In the search for fun and free activities to enjoy with my children this summer, today we found ourselves at Tape. This unusual interactive art installation at Cardiff’s Bute Park is based on the idea of a giant cocoon or spider’s web. It’s possibly the closest we humans will come to knowing what life is like for insects. The installation is made from clear sticky tape layered together so that it becomes strong enough to form a tunnel-like structure suspended between the trees.
We loved it! It’s quite unlike anything I’ve ever experienced before, and my children thought it was brilliant. It opened last Friday night and has certainly got people across Cardiff talking. We arrived at 11.30am and there had already been around 100 visitors before us. In fact, in the five days since opening, it’s had over 2,000 visitors; around 200-300 on weekdays and 400-500 a day at the weekend. The organisers expect those numbers to grow as word gets around about this most quirky of visitor attractions.

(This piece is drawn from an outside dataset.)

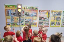 Икенче кечкенәләр төркеме балалары, бакчабыздагы махсус юл йөрү кагыйдәләрен өйрәнү бүлмәсендә, һәрдаим хәвеф-хәтерсез юлда йөрү кагыйдәләрен өйрәнәләр. Белгән белемнәрен ныгыталар. Юл йөрү кагыйдәләрен өйрәнү әти-әниләр белән тыгыз элемтәдә эшләүне күздә тота.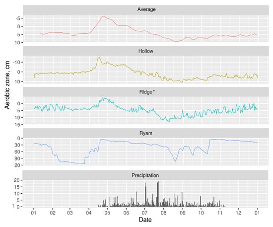 - Lafleur, P.M.; Moore, T.R.; Roulet, N.T.; Frolking, S. Ecosystem respiration in a cool temperate bog depends on peat temperature but not water table. Ecosystems 2005, 8, 619–629. [Google Scholar] [CrossRef]

It is devised by Numen/For Use, an award-winning collective of artists from Croatia. They have run the installation in other cities across the world including Paris, Tokyo, Stockholm and Melbourne. This is its first visit to the UK, and Numen have worked in partnership with Migrations Cymru, which brings international contemporary performance to Wales, as well as Giving Nature A Home in Cardiff, a schools outreach programme delivered by RSPB Cymru and the City of Cardiff Council. Incidentally, this scheme is funded by the Welsh Government’s carrier bag levy in Tesco supermarkets (so you can feel a little less guilty the next time you forget your bags and have to buy one!). Quite fittingly, at the end of the installation’s time in Cardiff, the tape will be recycled and made into bird houses.
We queued for about 25 minutes for our turn, took our shoes off and climbed up the ladder into the entrance, unsure of what to expect. The first thing that hits you is how white and light it is; you can’t help but touch the tape, amazed at how something so simple can become so strong. The entire structure is made entirely of sticky tape and nothing else, and took a week and a half for a group of volunteers to construct.

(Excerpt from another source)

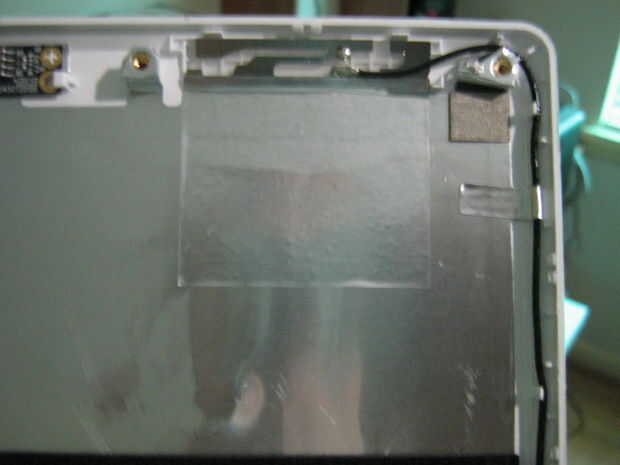 hay un cable negro y un cable blanco, cada uno se sueldan para separar antenas (es decir, algún estúpido garabato del metal de hoja) en la parte superior de la pantalla. Utilice el cable blanco porque tienes más flojo - cuando se pone detrás juntos solo Conecte el cable blanco en la entrada de la tarjeta de Wi-Fi que desee utilizar.

The structure takes five people at a time – although younger children count as half an adult, so my friend and I plus our five children were able to explore it together. Children under 10 must be accompanied by an adult, although quite frankly I found this whole concept so intriguing, I would have gone in anyway.
I wasn’t sure what Baby Boy I, my 16 month old, would make of it. As you come into the tunnels, there’s a bit of a slope to the left, so I had to hold on to him tightly to make sure he didn’t slide down it, but the rest of it, he was fine. He thought it was hilarious and laughed his way round it. It would be difficult with non-mobile babies though, as it’d be tricky to carry them around.

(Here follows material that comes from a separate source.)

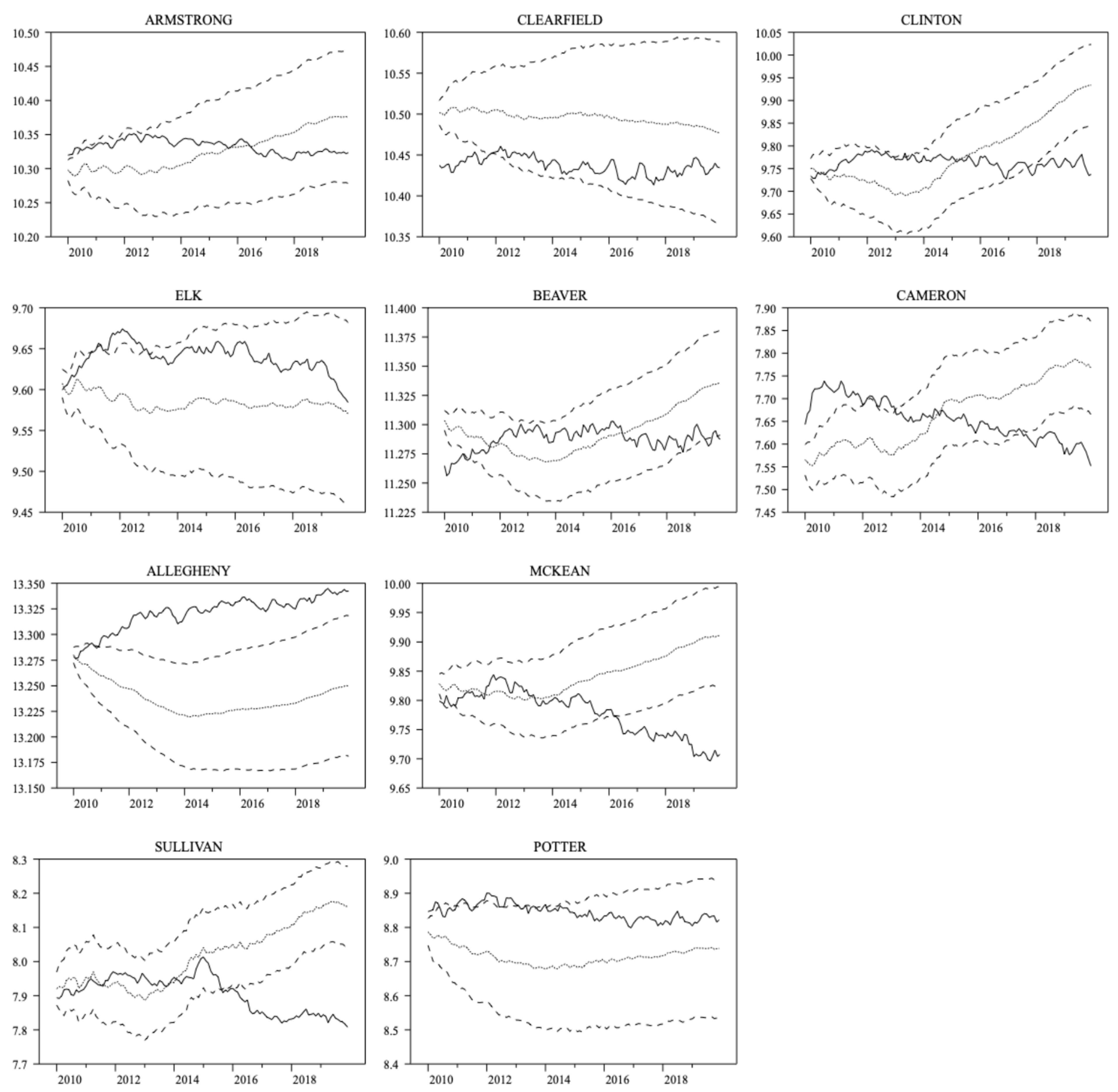 Figure 5 presents employment levels versus forecast for the ten counties in the 50th–74th percentile for number of unconventional wells drilled. Allegheny stands out in having employment levels above forecast in a statistically significant way for essentially the entire forecast period. It should be noted that Allegheny is the county housing the city of Pittsburgh, Pennsylvania’s second largest city and its urban anchor in the western part of the state. Armstrong, Elk, Cameron, and Potter saw employment eclipse the upper bound of the forecast interval for at least some portion during the first few years of the forecast horizon. Clinton and Beaver counties saw employment exceed forecast for substantial periods from 2011 to 2015 (2016 for Beaver) before falling below forecast for the latter part of the forecast period. Sullivan and McKean closely tracked their employment forecasts until 2015, when they began to lag substantially behind. Clearfield is the only county in this grouping whose actual employment levels were always below forecast for the entire 2010–2019 sample.

My two other children, 5½ year old Little Miss E, and 3¾ year old Little Man O had great fun walking around with their friends – there’s no jumping or running inside. At busy times, you get two laps of the installation. It would have been nice to have spent more time inside, but I think two laps is about right considering how busy it is at the moment, and it means the queue moves quickly for those waiting.
We were only inside for a few minutes, but my children haven’t stopped talking about it. Taped is such a fascinating and fun experience that which lead to all sorts of other discussions about insects and how they make webs and cocoons.
We then spent the rest of the day at Bute Park, climbing trees, running around, having a picnic and generally exploring one of Cardiff’s most famous outdoor spaces, with a new-found respect for any spider’s webs we encountered.
Tape is at Bute Park, Cardiff until 31st August, located near the West Lodge entrance and Pettigrew Tea Rooms. It’s open from 8am-8pm and is free to visit.